Now I'm filing for the removal of conditional. I got my fingers crossed since I'm filing divorced.

I wish you all the best of luck.
morocco4ever
I am a bit confused. You are a Muslim woman, but you married a Christian man? I don't know how the Muslims in Turkey view this, but that is a big no no from everything I have heard. It seems that would be a bigger disgrace than going back after only a few months here. But I don't know much about the Muslims in Turkey so I could be wrong.

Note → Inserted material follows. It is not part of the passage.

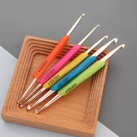 かぎ針 カラフル 両かぎ針 5本セット 毛糸 レース編み 編み物 編み針 手作り マフラー 手袋 長さ約13.5cm(1ヶ)

Also you came on a visitor visa after you got married. Did they ask you in your interview about your marital status? I thought that if you were married to a USC and you applied for a visitor visa it is an automatic denial. Not sure if that is true, but if it is I think this one might come back to haunt you.
nemesis20
im sorry to hear about your situation. I dont really have an advice because Im new to the country too . just wanna say that i think a lot of citizens who go to another country and meet someone and fall in love have wrong expectations of their spouses to be. They persuade that person to come and live with them here and promise a good life and when they find out once the marriage starts that they dont really know each other well or he/she is not what they expected, they think they can just deport or send someone back as if that person was something bought from a store and can be returned just because there is divorce here. They dont consider that the other person left a good career or future behind, their families and entrusted their future to this citizen .Being sent home after just a few months of marriage is so embarrassing esp if they defended the marriage to their family and friends and in their home country divorce is frowned upon.